# Ranking algorithms
These algorithms will be implemented as part of the demo for our legal API. They assist in filtering lawyers and recommendations as needed. To filter by attributes, tags (attributes) will be assigned to each lawyer (instance). A dataframe with binary labels is the approach to take. Classical ML algorithms include Random Forests/Decision Trees (require a label), KNN (unsupervised). Other options that Adam thinks are inappropriate but can be explored are SVM and logistic regression. More advanced deep learning techniques such as neural networks should be applied to the chatbot instead in Adam's opinion because these techniques are reserved to applications involving the replication or simulation of human brain behaviour.

## EDA of initial state

## Groupby rank
* Ranking relies on sorting methods
* Requires a csv (excel) file storing all the data about each lawyer with the matrics (ratings, number of visits by consumer(s) for the lawyer chosen, location, recency, other possible factors TBD)
* Solution to impute missing data: push ranking to bottom of filter. (eg. if rating unknown or not entered, ranking is last but shortcomings in bias)
* Imputation solutions TBD

In [1]:
import pandas as pd

## PageRank
* Fundamental algorithm that founders of Google implemented to create their rankings system of webpages in the 90s. Heavily modified or not used at all nowadays because of multiple reasons.
* Shortcomings and edge cases: more 'experienced' lawyers likely to get top rankings whilst emerging lawyers do not get a chance at all to be viewed. Heavy biases. 
* Easy implementation, weightings can be adjusted to account for poor performing lawyers who may be viewed regularly

In [None]:
import networkx as nx

## Collaborative filtering (AdaKNN)

* Filters based on similar users' choices (a recommendation system implemented by streaming services)
* Factors that can be accounted for: rating (explicit reactions), time spent on lawyer's page (implicit reaction)
* To use this technique how do we address biases during the initialisation phase
* Normalisation techniques?
* Issue is that clients don't usually browse and rate lawyers like they do to films and restaurants

### Procedure
* Find a set of users with similar behaviours to target user
* Use cosine similarity to find region of similar users
* To remove 'tough critic' biases, subtract the mean of a user's vector from each component.
* Measure accuracy of user's predicted behaviour by using RMSE

For more details on the technical procedure: https://realpython.com/build-recommendation-engine-collaborative-filtering/#:~:text=Collaborative%20filtering%20is%20a%20technique,similar%20to%20a%20particular%20user.

In [1]:
from scipy import spatial
#demonstration on rating scale 0-5
a=(2.5,4,4.5,2.1)
b=(3,4.7,4.3,2.4)
c=(3.4,4.2,3.9,2.5)
#least distance indicates most similar
print(f'Distance between a and b: {spatial.distance.euclidean(a,b)}')
print(f'Distance between b and c: {spatial.distance.euclidean(c,b)}')
print(f'Distance between a and c: {spatial.distance.euclidean(a,c)}')
#considering other geometric factors in higher dimensional space
print(f'angle between a and b: {spatial.distance.cosine(a,b)}')
print(f'angle between c and b: {spatial.distance.cosine(c,b)}')
print(f'angle between a and c: {spatial.distance.cosine(a,c)}')

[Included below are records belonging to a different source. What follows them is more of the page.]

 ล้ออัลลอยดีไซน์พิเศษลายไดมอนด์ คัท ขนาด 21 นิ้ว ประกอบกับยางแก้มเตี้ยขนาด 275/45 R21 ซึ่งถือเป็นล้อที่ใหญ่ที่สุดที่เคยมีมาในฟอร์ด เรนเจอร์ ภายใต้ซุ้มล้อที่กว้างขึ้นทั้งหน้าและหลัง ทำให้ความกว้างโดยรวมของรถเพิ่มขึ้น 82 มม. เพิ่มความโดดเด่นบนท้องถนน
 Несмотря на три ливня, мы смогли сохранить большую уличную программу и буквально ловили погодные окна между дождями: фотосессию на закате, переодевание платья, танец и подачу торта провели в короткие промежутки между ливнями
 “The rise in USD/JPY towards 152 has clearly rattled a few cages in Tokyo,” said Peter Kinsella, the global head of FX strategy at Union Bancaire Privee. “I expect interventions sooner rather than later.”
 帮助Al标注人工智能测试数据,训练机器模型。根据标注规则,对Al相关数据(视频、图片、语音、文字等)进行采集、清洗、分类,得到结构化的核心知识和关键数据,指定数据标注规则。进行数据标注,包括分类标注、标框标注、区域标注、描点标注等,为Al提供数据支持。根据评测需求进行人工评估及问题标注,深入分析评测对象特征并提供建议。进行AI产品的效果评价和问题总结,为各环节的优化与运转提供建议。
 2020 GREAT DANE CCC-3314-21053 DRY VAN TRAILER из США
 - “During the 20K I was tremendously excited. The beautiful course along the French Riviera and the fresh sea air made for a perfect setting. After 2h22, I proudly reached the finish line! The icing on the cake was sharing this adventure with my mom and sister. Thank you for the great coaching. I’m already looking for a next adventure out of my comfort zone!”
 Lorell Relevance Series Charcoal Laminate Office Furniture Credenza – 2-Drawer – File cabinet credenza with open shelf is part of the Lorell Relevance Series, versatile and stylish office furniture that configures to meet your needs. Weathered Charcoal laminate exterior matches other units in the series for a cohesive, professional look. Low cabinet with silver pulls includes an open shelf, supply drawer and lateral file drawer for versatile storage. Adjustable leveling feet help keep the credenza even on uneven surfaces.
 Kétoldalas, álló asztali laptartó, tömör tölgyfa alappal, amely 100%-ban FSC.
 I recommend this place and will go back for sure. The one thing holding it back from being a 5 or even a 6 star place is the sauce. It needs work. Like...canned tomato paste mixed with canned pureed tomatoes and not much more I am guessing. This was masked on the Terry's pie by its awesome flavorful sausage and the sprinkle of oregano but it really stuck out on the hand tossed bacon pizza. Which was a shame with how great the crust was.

Distance between a and b: 0.9327379053088816
Distance between b and c: 0.7615773105863908
Distance between a and c: 1.1704699910719625
angle between a and b: 0.00512161046424553
angle between c and b: 0.0045009587866460254
angle between a and c: 0.013312179972831295


## AES explanation
* There was something in the 80s called RSA intended to protect messages being sent from one party to another but it had limited capabilities in encryption ability. This was to do with hashing keys and whatnot.
* Eventually, new ways of encrypting stuff came out where hashing keys became more robust so messages became harder to read for people who did not have the encryption keys. Right now, the most secure standard of encryption is called AES (advanced encryption standard) and is regularly used in wifi to make messages sent through Discord, etc. not easy to read unless some serious breach occurs. We use 256 bit encryption because it contains the most layers of processing to create keys.